=== Begin Enclosure ===
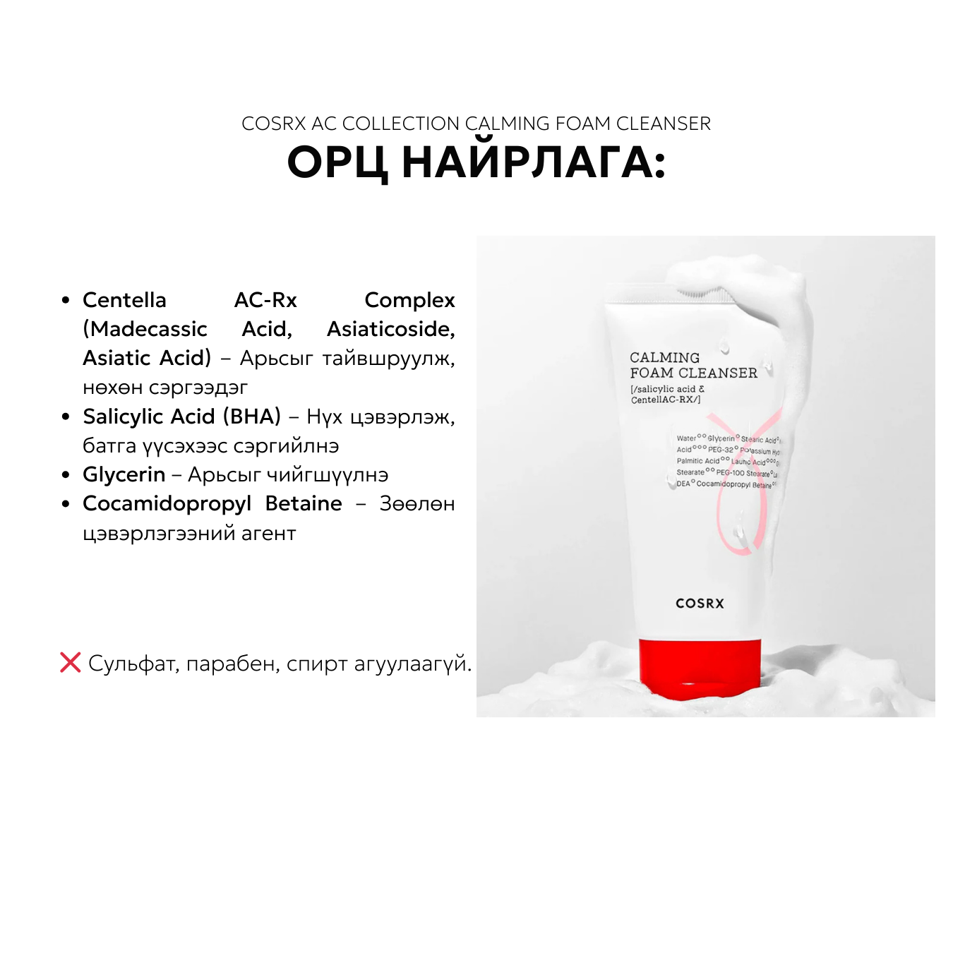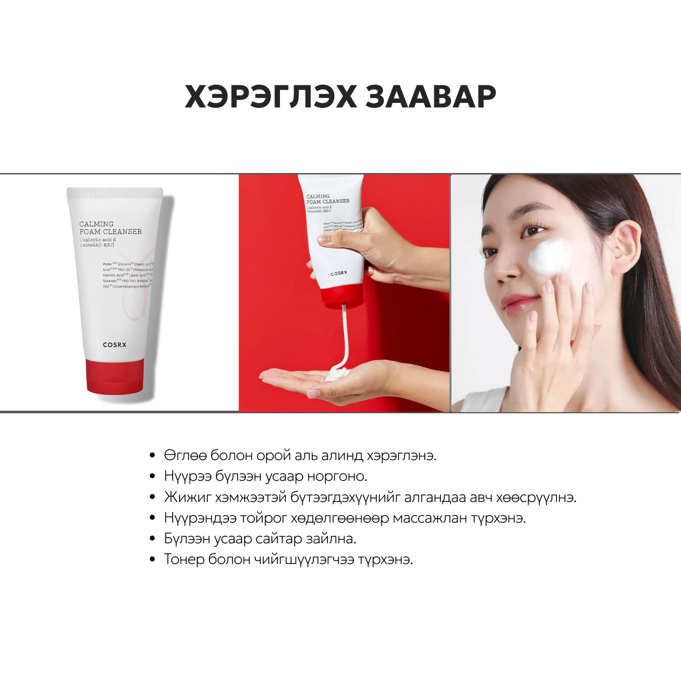 Тайвшруулагч зөөлөн хөөс нь арьсны бохирдол, тос, үхэжсэн эсийг зөөлөн цэвэрлэж, тайвшруулдаг.
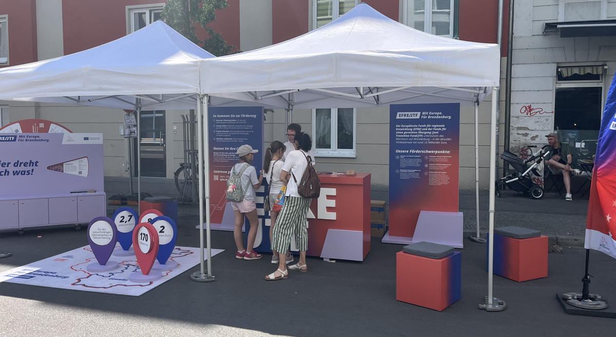 In diesem Jahr waren wir auf sechs Veranstaltungen, 15 Tourstopps und zwei Wanderausstellungsstationen vertreten. Ob beim Brandenburg-Tag in Perleberg, dem Lindenfest in Lübbenau oder dem Europafest in Potsdam: Die Veranstaltungen zeigten, wie europäische Fördermittel direkt vor Ort wirken. Bürgerinnen und Bürger, Förderinteressierte und Geförderte konnten sich informieren, Fragen stellen und ihre Perspektiven teilen.
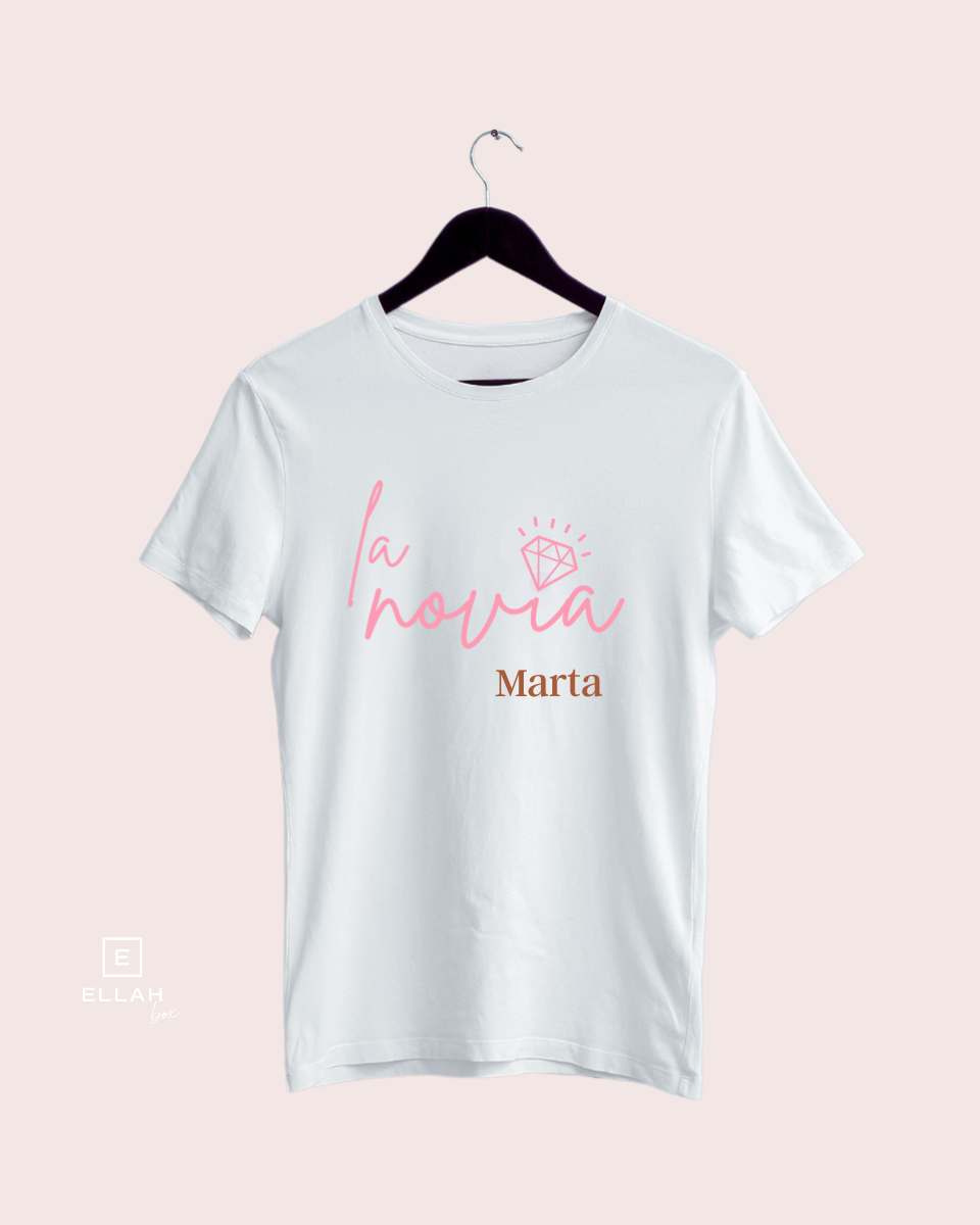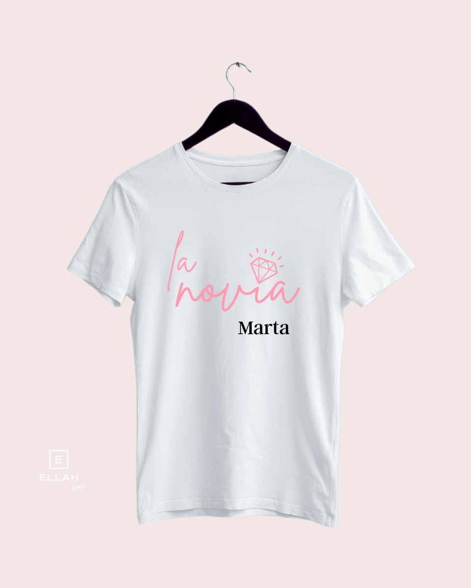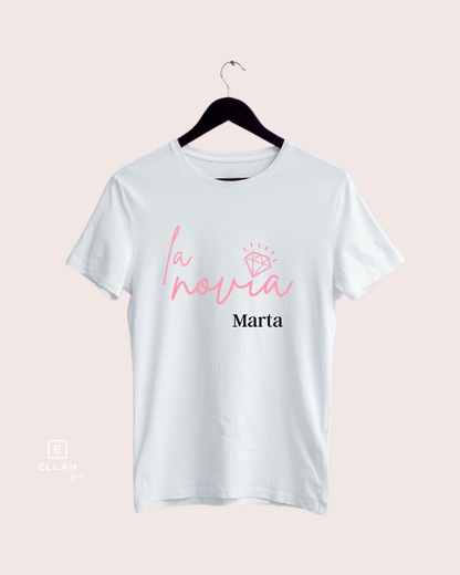 - Color blanco con "La Novia" en letras rosas + nombre personalizado
=== End Enclosure ===
**What to produce:** An exact copy of the listing is required, excluding any pictures.

**Response:**
 Тайвшруулагч зөөлөн хөөс нь арьсны бохирдол, тос, үхэжсэн эсийг зөөлөн цэвэрлэж, тайвшруулдаг.
 In diesem Jahr waren wir auf sechs Veranstaltungen, 15 Tourstopps und zwei Wanderausstellungsstationen vertreten. Ob beim Brandenburg-Tag in Perleberg, dem Lindenfest in Lübbenau oder dem Europafest in Potsdam: Die Veranstaltungen zeigten, wie europäische Fördermittel direkt vor Ort wirken. Bürgerinnen und Bürger, Förderinteressierte und Geförderte konnten sich informieren, Fragen stellen und ihre Perspektiven teilen.
 - Color blanco con "La Novia" en letras rosas + nombre personalizado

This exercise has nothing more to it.